Oh, and if you are religious, you might want to skip the appendix. It will likely offend you.

Malcolm X: A Man for Our Times

Malcolm X

With the death of George Floyd at that hands (or rather knee) of a Minneapolis police officer and the protests that followed, I found myself wanting to try to understand the perspective of those who don’t share my white privilege. I thought back to the days of civil rights marches and protests in the 1960s. Growing up, I had learned about the Montgomery bus boycott, the March on Washington, and Martin Luther King, Jr. I also learned, but only in passing, about a man named Malcolm X.

What a learned in school about Martin Luther King, Jr. was only the headlines version, but I’ve heard much of his “I Have a Dream Speech” and read his “Letter from a Birmhamham Jail”. The only thing I learned about Malcolm X was that he was an angry Muslim that rather than believing in non-violence advocated for violent resistance. So in the midst of protests that occasionally turned violent, I decided to read The Autobiography of Malcolm X.

Malcolm X was a complex and dynamic man who isn’t done justice by the simplistic view of him that I had before I read this book. He grew up poor with only an eighth grade formal education. After the eighth grade he moved from the Lansing, MI area to Boston. There he live with his half sister and started work as a shoe shiner. Later he moved to Harlem where he used and sold drugs. He was eventually caught and incarcerated for these crimes and served ten years.

While in prison, Malcolm X spent most of his time either in the prison library or reading in his cell. He always sought to learn and grow. He also converted to the Nation of Islam. After leaving prison, he preached around the country, opening new temples (later called mosques). It was during this time that he rose to public prominence for his views. He was opposed to integration, feeling that the white man was the problem and that the black man needed to take pride in himself and to support and nurture his fellows. His speeches were fiery, and he never shied away from telling it like he saw it. It was during this time in his life that he gained the reputation as an angry, violent man.
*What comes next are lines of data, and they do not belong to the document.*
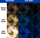 Tinte semipermanente Blue Moon es un tinte para el cabello azul verdadero, brillante, neón y de tono frío. Su fórmula vegana y libre de crueldad ofrece un color intenso, luminoso y sin dañar el cabello. Este Azul eléctrico brilla bajo luz UV y aporta un acabado audaz, ideal para quienes aman destacar y romper las reglas del estilo.
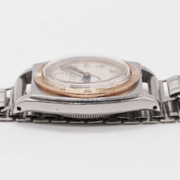 A RARE GENTLEMAN'S STEEL & ROSE GOLD ROLEX OYSTER VICEROY BRACELET WATCHCIRCA 1940, REF. 2595 WITH ORIGINAL "CALIFORNIA" TYPE DIAL & MERCEDES HANDSMovement: 17J, manual wind, signed Rolex Patented Superbalance.Case: Width approx. 29mm, Oyster case, Rolex coronet to outer case back, signed Oyster Watch Co., marked SAR, numbered 11x,xxx to case back, numbered 32x,xxx in between lugs, solid rose gold bezel with hourly graduations, Rolex Oyster Patent crown.Bracelet: "Bonklip" style bracelet, signed Zenette Made in England.CONDITION REPORTDial: Original dial in excellent condition, showing some small signs of age.Movement: Running & functioning at present, timekeeping and accuracy cannot be guaranteed.Case: In very good condition, with light scratches due to general use.Strap/Bracelet: In fair condition, with wear due to general use.
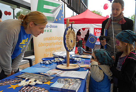 Viel Spaß war auch bei den Verbandskollegen der JEB (Junge Europäische Bewegung Berlin Brandenburg e. V.) beim Nachbarstand angesagt: Sie hatten für alle Kinder Malbücher parat. Dazu unterhielten sie mit dem „Europa-Twister“, einer Bodenplane mit einer Zeichnung von Europa darauf: Jeder Teilnehmer drehte auf einer Scheibe eine Glückszahl. Diese bestimmte dann das Land, auf dem der Spieler sich mit seiner Hand oder mit einem Bein abstützen durfte. Nach ein paar Runden entstand so ein lustiges Durcheinander auf dem europäischen Spielfeld, bei dem es galt, die Balance zu halten. Von Claudia Schur
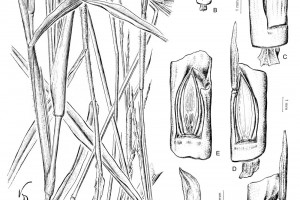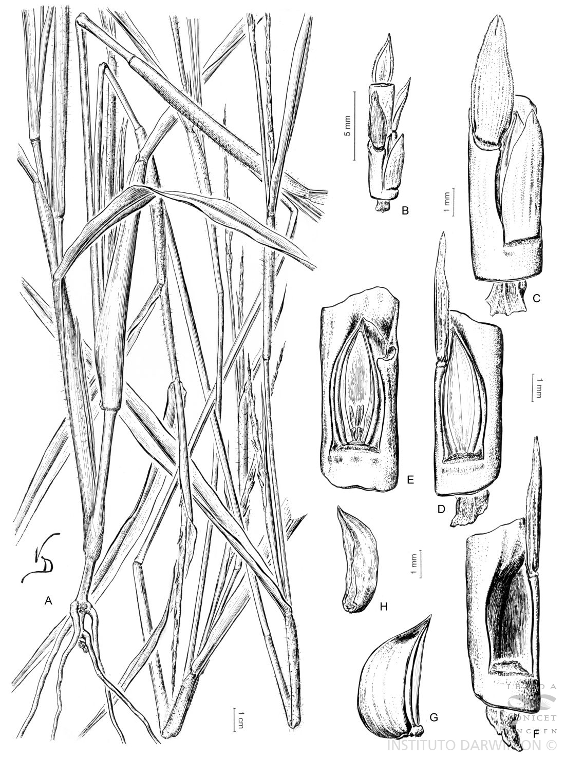 A. Planta. B. Dos artejos del raquis con dos pares de espiguillas. C. Artejo del raquis con un par de espiguillas vistas por el dorso de las glumas inferiores. D. Artejo del raquis, espiguilla sésil sin la gluma inferior para ver la lemma inferior. E. Artejo del raquis con espiguilla sésil sin la gluma inferior y la lemma inferior, dejando ver la pálea, lodículas y androceo. F. Artejo del raquis con la espiguilla pedicelada, ésta con el pedicelo soldado al raquis. G. Antecio superior de la espig
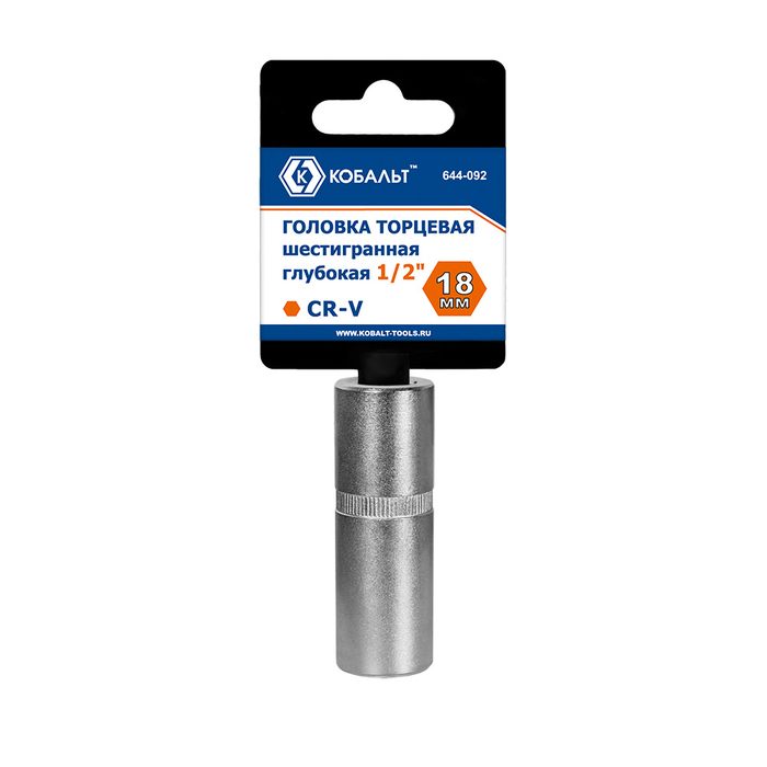 Головка торцевая глубокая КОБАЛЬТ 1/2", 18 мм, CR-V, подвес (644-092) - цена, фото, технические характеристики
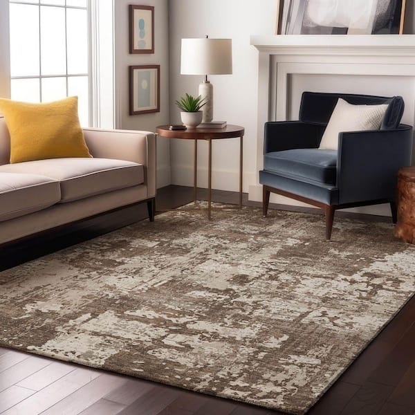 Mayfield Premium Machine Washable Abstract AMF1008 Brown 9 ft. x 12 ft. Area Rug
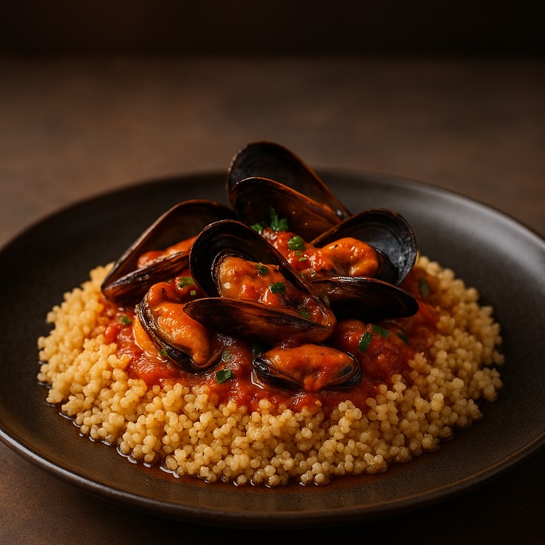 - Cous Cous con pimiento verde y mejillones en salsa de tomate

Eventually Malcolm X had a falling out and a parting of the ways with the founder and leader of the Nation of Islam. In the process of this severance of ties, Malcolm made a pilgrimage to Mecca that change him profoundly. On this journey he had seen Muslims of all colors and nationalities live and worship as one during the Hajj. When he returned from this trip, he no longer saw the white man personally as his enemy. Instead he took the racist actions of men as his opposition. Unfortunately, no one in the media or public life seemed willing to acknowledge his growth. They still associated him with his days as a minister in the Nation of Islam. And while he was still in the process of redirecting his life in this new direction, he was assassinated.

For me, Malcolm X represents what we need today for civil rights. The 1960s led to institutional and legal changes required to move us further toward a more just and fair society. But now we need to face the hard facts of changing the culture itself. That’s the change that Malcolm X was trying to effect when his life was cut short. He wasn’t willing to wait any longer for justice for his people. The Black Lives Matter movement embraces that spirit. We’ve removed the overt racism that existed in our laws. Now we need to remove it from where it is embedded in our institutions.

For me the lesson of Malcolm X’s life is that we are always capable of learning and growing. The challenge is often that those around us aren’t willing to accept the changes that we go through. In Mecca, Malcolm X was able to see the humanity in everyone and that softened his heart but not his resolve. That’s what is missing in our politics today. Our politics is strong on resolve but lacks the heart of compassion and understanding. I hope that we can all embrace those qualities and work to embody them just as Malcolm X strove to in the last two years of his life.